A growing number of Americans are living to age 100. Nationwide, the centenarian population has grown 65.8 percent over the past three decades, from 32,194 people who were age 100 or older in 1980 to 53,364 centenarians in 2010, according to new Census Bureau data. In contrast, the total population has increased 36.3 percent over the same time period.
Centenarians in the United States are considerably different from the overall population. Here's a look at some of the characteristics of people who live to age 100:
It is overwhelmingly women who live to age 100. In 2010, 82.8 percent of centenarians were female. For every 100 females age 100 or older, there are only 20.7 males the same age. Females also make up 61.9 percent of those in their 80s and 72.2 percent of people in their 90s. "We know that women are more social than men. Other studies have found that staying socially connected predicts greater life expectancy," says Gary Small, a professor on aging and director of the UCLA Longevity Center in Los Angeles, who is not affiliated with the Census Bureau report. "If you are social, it may reduce stress levels because you can talk about your feelings and things that stress you out and it seems to help many people. If you need a ride to the doctor or you fall, they can take you to the hospital or help you find the best doctor."
Centenarians are considerably less diverse than the overall U.S. population. In 2010, some 82.5 percent of centenarians were white, versus 72.4 percent of the total population. Black or African Americans were unique in that their proportion of the centenarian population (12.2 percent) is about the same as their percentage of the total population (12.6 percent). Asians made up 2.5 percent of the centenarian population, while they make up 4.8 percent of the total population. And Hispanics represent 5.8 percent of centenarians, but 16.3 percent of the population.
Living with Others
Just over a third of both female and male centenarians lived alone in their own home in 2010, but the majority of the oldest citizens live with others. "As people get older, things in life happen—like you might become a widow or you might have a disability, and because of those circumstances, living arrangements often change," says Amy Symens Smith, chief of the age and special populations branch at the Census Bureau. Centenarian females (35.2 percent) were more likely to live in a nursing home than males the same age (18.2 percent). Centenarian males are the most likely to be living with others in a household (43.5 percent), compared to just 28.5 percent of centenarian females.

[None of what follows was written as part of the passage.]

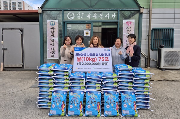 NH농협 군산시지부(지부장 원천연)는 23일 산북동에 위치한 (사)예사봉사단(대표 김도경)을 방문해 ‘사랑의 쌀 나눔활동’을 펼쳤다.

A large majority of the oldest U.S. citizens live in urban areas. "As age increases, the percentage living in urban areas also increases," says Smith. Some 85.7 percent of centenarians lived in urban areas in 2010, compared with 84.2 percent of those in their 90s, 81.5 percent of those in their 80s, and 76.6 percent of those in their 70s. "Living in the city, you have a lot more mental stimulation and the symphony and better doctors and hospitals and more social networking," says Small. "There are more resources, and there is better transportation."
States with the largest populations generally have the most centenarians. California has the largest number of centenarians (5,921), followed by New York (4,605), Florida (4,090), and Texas (2,917). Alaska has the fewest residents age 100 and older (40). Wyoming (72), Vermont (133), and Delaware (146) are also among the states with the fewest centenarians.
The Northeast and Midwest have proportions of centenarians that are higher than the national average of 1.73 per 10,000 people, while the West and South have below-average proportions of centenarians. "There's a lot of stuff going on in local areas, including access to medical care, diet, exercise, the culture, risk-taking, and more smoking," says Linda Waite, a sociology professor and director of the Center on Aging at the University of Chicago. "People in the Northeast tend to be more highly educated, and education is associated with a longer life expectancy." North Dakota is the only state with more than 3 centenarians for every 10,000 people in the state. Other states where centenarians make up a relatively large portion of the population include South Dakota, Iowa, and Nebraska. Three western states have less than one centenarian for every 10,000 people: Alaska, Utah, and Nevada.
The proportion of centenarians in the United States is smaller than that of many other developed countries. For example, for every 10,000 people, there are 1.92 centenarians in Sweden, 1.95 in the United Kingdom, and 2.70 in France. And Japan has 3.43 centenarians per 10,000 people, beating even our longest-lived state, North Dakota.